Normalization. These steps included removing extra spacing between words, correcting hmtl format from texts if any, adding white space between special characters and alphabets, and replacing texts with lower case. The above preprocessing steps were taken for both subtasks.

Tokenization. Once the preprocessing of the dataset was complete, we performed tokenization. For the ULMFiT training the ULMFiT tokenizer was used, similarly the text for the customized RoBERTa model was tokenized using RoBERTa tokenizer, and for the Random Forest Classifier (English and Hindi sub-task) and Linear Regression (Hindi sub-task) the text was tokenized using the nltk library for both the languages.

3 Model Description

Next, we provide an in detail description of the training strategies that were used to achieve the results. The test results obtained using each technique is mentioned in the results section. Each technique is discussed in the coming sub-sections.

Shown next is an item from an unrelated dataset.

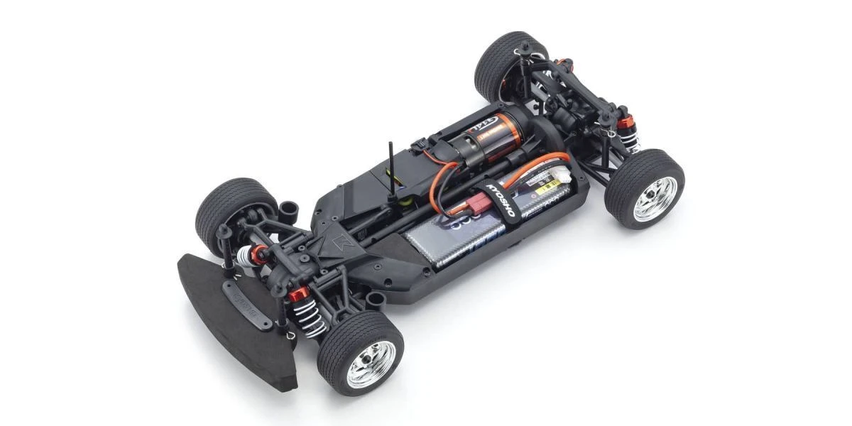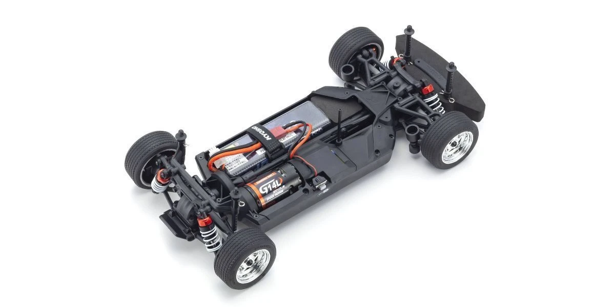 For the pure enjoyment of R/C car driving, the combination of a beautifully reproduced car body with the FAZER series chassis can’t be beaten. Kyosho has taken its standard touring car chassis and given it a full model makeover that has evolved performance to a new level. A simplified design with fewer parts has improved maintenance efficiency and reduced weight while core strength and rigidity has been increased through new materials and ribbing and stiffeners on front and rear. In addition, the symmetrical chassis design synergizes excellent front-rear balance through the suspension with responsive control, irrespective of power source. Featuring front & rear gear differentials, oil shocks and full ball bearing specs, the high durability and impact resistance allows drivers to unleash the full potential of the chassis. Brake disc wheel hubs with two different offsets (0mm, +5mm) provide compatibility with 190mm and 200mm width body styles and allows the wheelbase to be adjusted to 260mm by replacing some parts (sold separately) for compatibility with other 1/10 scale body styles, in addition the body included. The Readyset package comes fully assembled and includes everything except charger and battery for the chassis, and batteries for the transmitter.

3.1 Layer Differentiated ULMFiT Training

As discussed in [8] inductive training has shown incredible performance in Computer Vision tasks where the model is first pretrained on large datasets like ImageNet, MS-COCO, and others. The same idea was implemented during the training of the ULMFiT model, only it was modified using a pretrained language model. Traditional transfer learning language models used to pretrain the language model on a relatively larger dataset, this language model was then used to create the classifier model which will again pretrain on the large dataset, at the final step the classifier model was fine-tuned on the target dataset. ULMFiT introduced LM Pretraining and Fine-tuning to make sure that the language model used to pretrain the classifier consisted of extracted features from the target domain. This part of the training procedure is exactly same as discussed in [8]. The image below shows the training of both Language model and classifier as in [8]. We introduced a layer differentiated training procedure, which gradually unfreezed the layers for training them. This differentiated training procedure was implemented for training both, the language model and the classifier model for both of the sub-tasks. Figure 4 shows a plot between the training and validation losses as the training progressed for the English sub-task. The graph shows a spike after every 100 batches which is then followed by a sharp decline. These spikes are the parts where the layers were unfreezed. As the layers were unfreezed, the untrained layers led to an increase in the training loss, which gradually decreased as the training progressed. This also made sure that the final layers were trained longer as compared to initial layers so that the initial layers dont́ start overfitting and the model doesn’t drops out any important features. This concludes our discussion for the LaDiff ULMFiT training. We now move forward with our next technique (Fig. 3).

3.2 Customized RoBERTa

RoBERTa [11] is a robustly optimized pretraining approach designed for BERT [7]. BERT stands for Bidirectional Encoder Representations from Transformers, and it introduced the use of transformers for language training tasks. RoBERTa aimed at improvising the training methodology as introduced in BERT using dynamic masking, provising full sentences rather than using next sentence prediction, training with a large number of batches having small sizes and a larger byte-level Byte-Pair Encoding. For our customized model, we used the RoBERTa uncased model pre-trained on various larger twitter dataset. We then added a few customized layers to the model. This training procedure was implemented on the English sub-task only.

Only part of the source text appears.